Die wichtigsten Schlagzeilen vom 19.1.2011

Hundstorfer gegen Verländerung des Pflegegeldes

Nach dem Vorstoß vom Vorsitzenden der Landhauptmankonferenz OÖ-LH Pühringer, dass die Abwicklung und Auszahlung des Pflegegeldes nur mehr über die Bundesländer erfolgen soll, reagiert nun BM Hundstorfer mit einer klaren Absage.
(Heute, orf.at, P, KlZ)

Faymann: Erst Sicherheitsdoktrin, dann Wehrpflicht

Bundeskanzler Faymann will die Verhandlungen um die Sicherheitsdoktrin erst beenden, um danach über die Wehrpflichtabschaffung zu diskutieren. Die Wehrpflicht soll getrennt vom Zivildienst behandelt werden. Auch die Einbeziehung des Volkes behält Faymann sich vor. Die Wehrpflicht hält er aber nicht mehr für zeitgemäß. Beide Koalitionsparteien äußern sich jedoch trotz unterschiedlicher Auffassungen in diesem Punkt kompromissbereit. Aber auch in der ÖVP mehren sich die Stimmen für ein Aus der Wehrpflicht, Ex-Minister Bartenstein beispielsweise gibt zu, das wenn man sich die internationale Entwicklung ansieht, das Aussetzen der Wehrplicht "wohl ein Gebot der Stunde" ist. Eine Umfrage ergab, dass 60 Prozent der Bevölkerung für die Abschaffung der Wehrpflicht sind.

(Alle Medien)

LH Pröll fordert Mehrheitswahlrecht mit starken Beamten

Der Niederösterreichischen Landeshauptmann Pröll fordert das Mehrheitswahlrecht für den Bund um Sachpolitik wieder zu ermöglichen.
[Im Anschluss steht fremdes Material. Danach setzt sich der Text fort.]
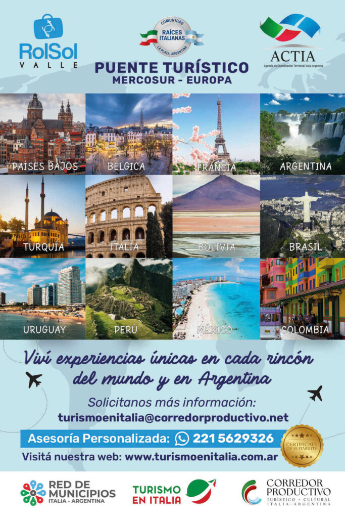 Ahora, junto a Turismo en Italia, formamos parte del Puente Turístico MERCOSUR–Europa, una iniciativa que integra a:

Dies benötige, so Pröll, eine größere Unabhängigkeit der Spitzenbeamten von den politischen Verantwortungsträgern. Als konkretes Beispiel nannte er die Diskussionen um das Bundesheer, wo hohe Offiziere die Möglichkeit zu mehr Mut haben sollten, sich gegen ihre politischen Verantwortlichen zu stellen.

(P, St)

Kriminalstatistik: Wenigste Verbrechen seit einem Jahrzehnt

2010 gab es 9,4 Prozent weniger Anzeigen in Österreich als 2009. BM Fekter: "Das ist die niedrigste Kriminalistätsrate seit zehn Jahren." Die Aufklärungsquote stieg nur geringfügig um 1,5 Prozent auf 41,4 Prozent. Während Burgenland am sichersten ist, ist Wien immer noch das Sorgenkind der Ministerin. Die Zahl der Einbrüche ging um 25,7 Prozent zurück. Noch höher war der Rückgang bei den Kfz-Diebstählen mit minus 44,6 Prozent. Die Kriminalität im Internet, Trickdiebstähle und Morde stiegen jedoch im vergangenen Jahr.